Although there was an apologetic tone to the article that indicates some tension within More's staff regarding it, I have to say that I found the decision to cover "the $65 million mom" a very poor one.
The Kardashians represent virtually everything that is wrong with the US today. They are not entrepreneurs, they are money and publicity whores. Their lifestyle is devoid of values (other than seeking money and fame and hedonism), and the idea of working and thinking hard to do something requiring use of one's intellect is clearly out of their league.
Although I admit I glanced over rather than read the article, I had to laugh at the part where it says that Mrs. Kardashian didn't seek support from her ex, Mr. Kardashian, suggesting that she placed her family above the fray. Anyone who’s been around for a while knows that the only reason a person who values money this much would avoid seeking alimony is called dirt -- apparently Mrs. Kardashian has dirty laundry that she didn't want Mr. Kardashian to expose, so she agreed to not get any alimony. Yes, Mother Teresa sparing her family. I think not.
I am a capitalist and know that this economy needs risk taking, hard work, and other "old fashioned" values to get back on track. I am a Northeast liberal, not a Tea Party ideologist (though that is largely a contradiction in terms). But there has to be some limit on what is considered worth writing about, and More exercised questionable judgment on this one. The woman sold her family due to her own inability to earn funding for the life she feels is her entitlement, and they, being raised by her, of course went along with it. The acorns don't fall far from the trees on this one.
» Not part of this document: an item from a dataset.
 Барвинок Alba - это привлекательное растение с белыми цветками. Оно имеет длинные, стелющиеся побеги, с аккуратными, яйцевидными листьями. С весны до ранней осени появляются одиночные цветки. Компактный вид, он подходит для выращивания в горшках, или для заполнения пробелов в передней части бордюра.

As for the new hubby, she apparently needed to bail him out as well due to his lack of self-control with money, having earned a fortune but being worth less than nothing when they married. I guess Mrs. Kardashian isn't merely a hard-working entrepreneur, she's also a philanthropist. I think not.
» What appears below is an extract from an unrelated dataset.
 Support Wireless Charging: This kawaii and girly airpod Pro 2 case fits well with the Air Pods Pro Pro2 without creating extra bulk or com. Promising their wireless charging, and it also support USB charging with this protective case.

I strongly suggest that better judgment be used in selecting people to profile. If I wanted to read about trash, I'd buy the celebrity rag magazines. It's stuff like this that has Americans looking for the quick fix to becoming rich and famous through a reality show, rather than focusing on having a comfortable life based on hard work and real accomplishment.
Marguerite Schneider, Hoboken, NJ
Just read your Never Say Diet article... I am in my late 50's (ugh that sounds foreign) and have been struggling with that dreaded 5 lbs. Heavy people sneer at a need to lose 5 lbs, but they are the hardest, as you seem to know.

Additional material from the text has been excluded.